Checking the Health of an InfiniBand Switch

To check the health of an InfiniBand switch:

  1. Open the fabric management shell:

    -> show /SYS/Fabric_Mgmt
    NOTE: show on Fabric_Mgmt will launch a restricted Linux shell.
    User can execute switch diagnosis, SM Configuration and IB
    monitoring commands in the shell. To view the list of commands,
    use "help" at rsh prompt.
    Use exit command at rsh prompt to revert back to
    ILOM shell.
    FabMan@hostname->
    

    The prompt changes from -> to FabMan@hostname->

  2. Check the general health of the switch:

    FabMan@ra1sw-iba-> showunhealthy
    OK - No unhealthy sensors
    
  3. Check the general environment.

    FabMan@ra1sw-iba-> env_test
    NM2 Environment test started:
    Starting Voltage test:
    Voltage ECB OK
    Measured 3.3V Main = 3.28 V
    Measured 3.3V Standby = 3.42 V
    Measured 12V = 12.06 V
         .
         .
         .
    

    The report should show that fans 1, 2, and 3 are present, and fans 0 and 4 are not present. All OK and Passed results indicate that the environment is normal.

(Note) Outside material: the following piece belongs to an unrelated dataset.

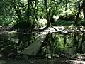 | Steg über den Redwood Creek | Nur wenige Schritte hinter dem Muir Woods Parkplatz überqueren die Läufer den Redwood Creek über einen Holzsteg (Bild). In den 1970er Jahren war der Holzsteg mit einem Schild „No Running on Bridge“ versehen, das von vielen Läufern ignoriert und später abgebaut wurde. In besonders regenreichen Wintern wird der Steg entfernt. | 2,17 |
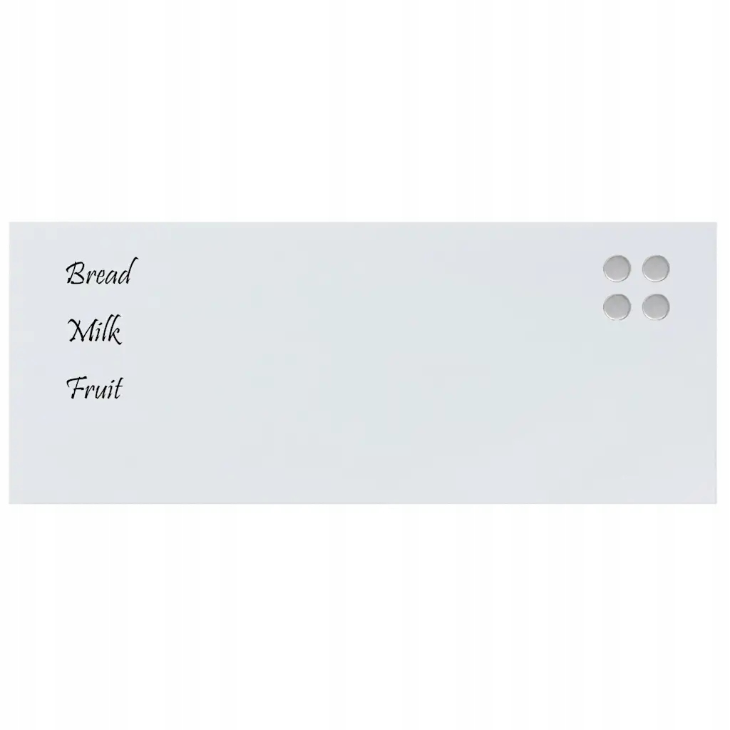 Specjalne ogłoszenia lub codzienne wiadomości będą wyglądać zwięźle i przejrzyście dzięki tej ściennej tablicy magnetycznej. Płynne pisanie: Tablica suchościeralna zapewnia płynne pisanie, a pismo odręczne jest łatwe do zmycia.Trwałe szkło hartowane: Magnetyczna tablica ogłoszeń wykonana jest z hartowanego szkła bezpiecznego, dzięki czemu jest trwała i posłuży przez długi czas.Wielofunkcyjna tablica do pisania: Używaj ściennej tablicy magnetycznej jako pustego płótna do zapisywania codziennych planów i list rzeczy do zrobienia lub jako wspólnego miejsca do przechowywania kreatywnych myśli i pomysłów.Wygodny montaż: W zestawie znajdują się niezbędne materiały do montażu na ścianie, dzięki czemu magnetyczną tablicę można łatwo przymocować do dowolnej ściany w domu, biurze i szkole. Warto wiedzieć:Śruby i kołki montażowe nie są dołączone.Aby Aby zapewnić właściwe działanie magnesów, należy używać odpowiednich magnesów dostarczonych w zestawie.

  4. Determine the current InfiniBand subnet manager priority of the switch. Leaf switches must have an smpriority of 5, and spine switches must have a smpriority of 8. The sample output shown here indicates the correct priority for a leaf switch.

    FabMan@ra1sw-iba-> setsmpriority list
    Current SM settings:
    smpriority 5
    controlled_handover TRUE
    subnet_prefix 0xfe80000000000000
    
  5. If the priority setting is incorrect, then reset it:

    1. Disable the subnet manager:

      FabMan@ra1sw-iba->disablesm
      Stopping partitiond daemon.             [ OK ]
      Stopping IB Subnet Manager..            [ OK ]
      
    2. Reset the priority. This example sets the priority on a leaf switch:

      FabMan@ra1sw-iba->setsmpriority 5
      Current SM settings:
      smpriority
      5 controlled_handover TRUE
      subnet_prefix 0xfe80000000000000
      
    3. Restart the subnet manager:

      FabMan@ra1sw-iba->enablesm
      Starting IB Subnet Manager.             [ OK ]
      Starting partitiond daemon.             [ OK ]
      
  6. Log out of the Fabric Management shell and the Oracle ILOM shell:

    FabMan@ra1sw-iba-> exit
    -> exit
    
  7. Log in to Linux as root and restart the switch:

    localhost: root
    password: welcome1
    [root@localhost ~]# reboot
    
  8. Disconnect your laptop from the InfiniBand switch.

  9. Repeat these procedures for the second InfiniBand leaf switch.